Miguel Alonso Moya, 22, a Columbia University senior from El Paso, Texas, who is working remotely from Manhattan’s Upper West Side, says his internship gives him an exceptional opportunity to connect with a vast range of staff members in different Met departments as well as interns with backgrounds in art history and anthropology.
His charge at the Met, he says, is to work with the museum’s high school interns and help them develop professionally. Following the internship, he plans to work for the classroom initiative Teach for America in Miami for two years and then apply to graduate school.
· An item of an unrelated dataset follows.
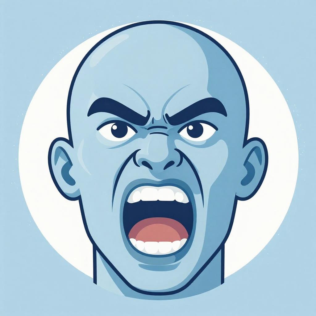 Digital vector illustration of an angry bald man with blue skin yelling with an open mouth. The man has thick black eyebrows, clenched teeth, and an expressive, intense facial expression. The background is light blue with textured white accents around the head.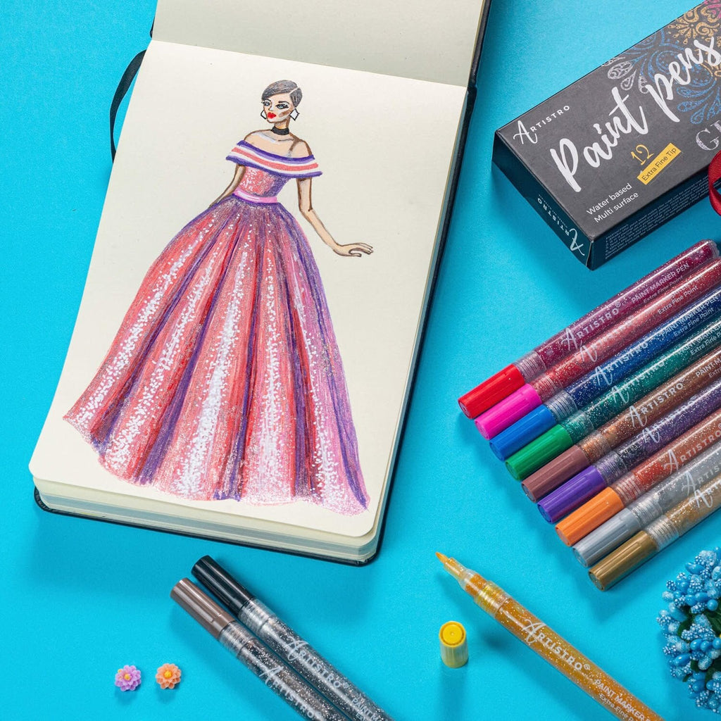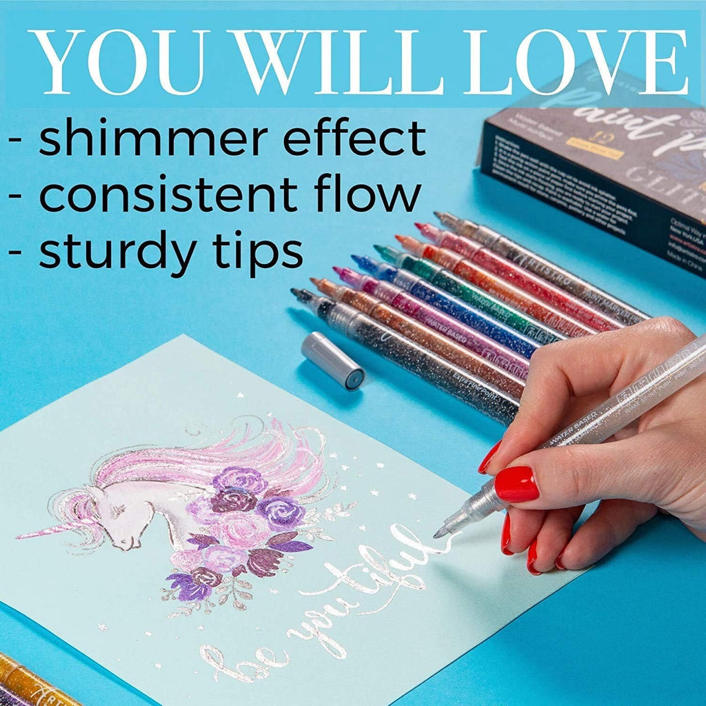 Premium Quality: Artistro glitter pens use vivid, highly pigmented acrylic glitter paint, designed for paper projects that won't bleed through paper. These glitter markers have a Japanese nib and Italian ink.

In the longer term, he wants to be involved with the arts, either through policy in the public sector or finance in the private sector.
While he doesn’t plan a full-time museum career, Moya says, “I wanted to be in a space where I could derive meaning from art”—while gleaning insights about how to incorporate that in the classroom while working for Teach for America.
As for the Met salary, he says, “my main goal for the spring was getting a paid job. I’m a low-income student and find it necessary to have a source of income.”
The Met says applications for its paid summer internships are meanwhile up 60% from last year. They will include full-time and part-time positions and include a travel stipend for those granted full-time positions.
Arsht’s $5m gift, which also funds the museum’s MetLiveArts series of performance commissions, is expected to underwrite internships for five years, the museum says.
The philanthropist, who is known for her contributions to the arts in Miami and Washington, DC as well as New York, says the surge in Met applications attests to the reality that salaried internships “are an important step in advancing one’s career”. Arsht said in a statement that: “paid internships create a more level playing field, allowing more opportunities and enabling greater inclusivity for all”.